Солёный, особо же малосольный корнишон - изысканность, а маринованный - словно крикуны-либералы в симфоническом собрании. Наблюдение: на своих сборищах либералы предпочитают гамбургеры и хот-доги, примитивный, отупляющий фастфуд. Распахнул пасть, чавк - и готово.
В едоцкой культуре, в традиционных, утверждённых всем строем нашей жизни мелочей не случается. Каждая мелочь - лыко в строку.

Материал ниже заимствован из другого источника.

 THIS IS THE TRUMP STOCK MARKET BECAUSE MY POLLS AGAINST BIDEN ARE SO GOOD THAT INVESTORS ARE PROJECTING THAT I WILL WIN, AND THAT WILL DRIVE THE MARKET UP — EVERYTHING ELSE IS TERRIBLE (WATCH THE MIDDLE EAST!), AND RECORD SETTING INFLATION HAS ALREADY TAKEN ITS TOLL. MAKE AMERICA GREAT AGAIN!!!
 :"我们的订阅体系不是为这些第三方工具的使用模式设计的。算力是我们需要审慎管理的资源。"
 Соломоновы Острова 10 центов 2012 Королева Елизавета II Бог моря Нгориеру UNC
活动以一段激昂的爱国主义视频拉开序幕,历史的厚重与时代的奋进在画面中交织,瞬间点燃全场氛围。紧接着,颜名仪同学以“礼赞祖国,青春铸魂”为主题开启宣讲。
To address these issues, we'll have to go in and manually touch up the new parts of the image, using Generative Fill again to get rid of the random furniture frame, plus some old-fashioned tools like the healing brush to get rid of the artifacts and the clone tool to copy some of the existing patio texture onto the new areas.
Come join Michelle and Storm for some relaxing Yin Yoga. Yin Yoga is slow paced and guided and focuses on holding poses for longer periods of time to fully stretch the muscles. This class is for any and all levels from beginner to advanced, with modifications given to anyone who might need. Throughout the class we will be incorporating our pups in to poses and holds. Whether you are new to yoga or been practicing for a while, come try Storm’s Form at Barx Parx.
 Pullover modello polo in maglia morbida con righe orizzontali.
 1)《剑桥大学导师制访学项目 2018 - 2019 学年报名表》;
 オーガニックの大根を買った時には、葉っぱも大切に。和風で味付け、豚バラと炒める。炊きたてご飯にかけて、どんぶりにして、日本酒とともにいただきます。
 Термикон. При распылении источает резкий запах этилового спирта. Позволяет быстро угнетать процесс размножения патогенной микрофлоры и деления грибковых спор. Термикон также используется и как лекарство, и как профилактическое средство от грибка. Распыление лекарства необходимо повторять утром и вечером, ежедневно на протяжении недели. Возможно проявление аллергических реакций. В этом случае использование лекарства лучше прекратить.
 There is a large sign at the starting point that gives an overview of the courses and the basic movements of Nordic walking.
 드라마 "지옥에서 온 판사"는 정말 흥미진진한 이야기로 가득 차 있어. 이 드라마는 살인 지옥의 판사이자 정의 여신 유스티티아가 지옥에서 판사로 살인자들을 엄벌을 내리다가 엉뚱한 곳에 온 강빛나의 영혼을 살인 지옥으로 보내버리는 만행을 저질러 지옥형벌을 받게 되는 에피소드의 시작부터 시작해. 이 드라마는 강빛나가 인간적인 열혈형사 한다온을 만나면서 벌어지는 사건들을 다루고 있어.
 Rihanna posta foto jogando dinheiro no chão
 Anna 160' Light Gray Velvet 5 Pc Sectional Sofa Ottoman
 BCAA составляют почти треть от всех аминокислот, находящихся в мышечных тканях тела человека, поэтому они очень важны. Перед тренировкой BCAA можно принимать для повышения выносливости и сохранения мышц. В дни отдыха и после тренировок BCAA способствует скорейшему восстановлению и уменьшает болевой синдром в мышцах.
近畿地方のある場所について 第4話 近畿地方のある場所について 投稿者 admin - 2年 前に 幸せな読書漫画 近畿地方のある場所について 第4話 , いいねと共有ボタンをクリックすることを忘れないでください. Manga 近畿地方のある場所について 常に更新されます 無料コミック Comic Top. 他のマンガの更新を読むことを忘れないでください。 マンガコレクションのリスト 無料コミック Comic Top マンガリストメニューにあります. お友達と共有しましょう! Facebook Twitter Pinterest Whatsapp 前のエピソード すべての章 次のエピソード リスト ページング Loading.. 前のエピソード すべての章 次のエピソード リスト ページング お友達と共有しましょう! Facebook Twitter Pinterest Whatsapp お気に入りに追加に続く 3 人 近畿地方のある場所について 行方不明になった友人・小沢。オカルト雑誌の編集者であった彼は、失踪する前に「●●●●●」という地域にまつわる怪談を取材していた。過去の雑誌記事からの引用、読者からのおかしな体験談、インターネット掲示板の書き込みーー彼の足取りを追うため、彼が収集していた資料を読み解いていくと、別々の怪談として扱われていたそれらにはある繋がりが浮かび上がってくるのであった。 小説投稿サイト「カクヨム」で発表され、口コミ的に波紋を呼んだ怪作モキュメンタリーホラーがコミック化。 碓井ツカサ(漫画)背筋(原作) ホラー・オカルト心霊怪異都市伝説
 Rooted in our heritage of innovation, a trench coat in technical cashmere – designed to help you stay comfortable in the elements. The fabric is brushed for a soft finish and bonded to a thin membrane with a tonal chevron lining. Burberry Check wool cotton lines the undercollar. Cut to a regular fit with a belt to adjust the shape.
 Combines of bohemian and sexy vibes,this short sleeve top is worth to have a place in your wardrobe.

И когда мы приступили к замене первого среди хлебов русского ржаного на тоненькие ломтики "хлеб из 8 злаков" или на сомнение в рекламе "хлеб бездрожжевой" ("не бывает и быть не может хлеба без закваски", не устаёт повторять ветеран русского хлебопечения и хлеборечения профессор Любовь Ивановна Пучкова), мы что-то теряем, отдаём сущность, не считаемся с народными устоями и житейским укладом. Плошаем, скоморошничаем на ходу, а то и по ходу отказываемся от фундаментальных, укоренённых, базовых продуктов. Пример для острастки? Пожалуйста. Литой, "головной" сахар. Появился он в давности, мастерил его заводчик Вестов - по прямому распоряжению Петра Первого. Не место сейчас пересказывать всю историю сахара - блистательную, но и горестную, как и повелось на Руси. Замечу лишь, что без литого приготовить жжёнку, в которой Пушкин был знаток, много тому свидетельств, нельзя. Попытался как-то Галкин найти два-три килограмма русского литого. Обзвонил все сахарные заводы. Перестали делать литой. А он, между прочим, приносил и заметный экспортный рубль. Ибо с литым пил чаи Иран, Средний Восток, Азербайджан. Секрет прост: это единственный в мире сахар, который не искажает вкус чая. Примечала его и Англия, сравнительно недавно приезжал в Москву гонец из Лондона за литым. Уехал с пустыми руками, "несладко хлебавши". Впрочем, об английских чайных традициях Галкин знает не с чужих слов; ибо служил русским поваром на королевской кухне Букингемского дворца и даже перед отъездом сочинил для её величества десерт.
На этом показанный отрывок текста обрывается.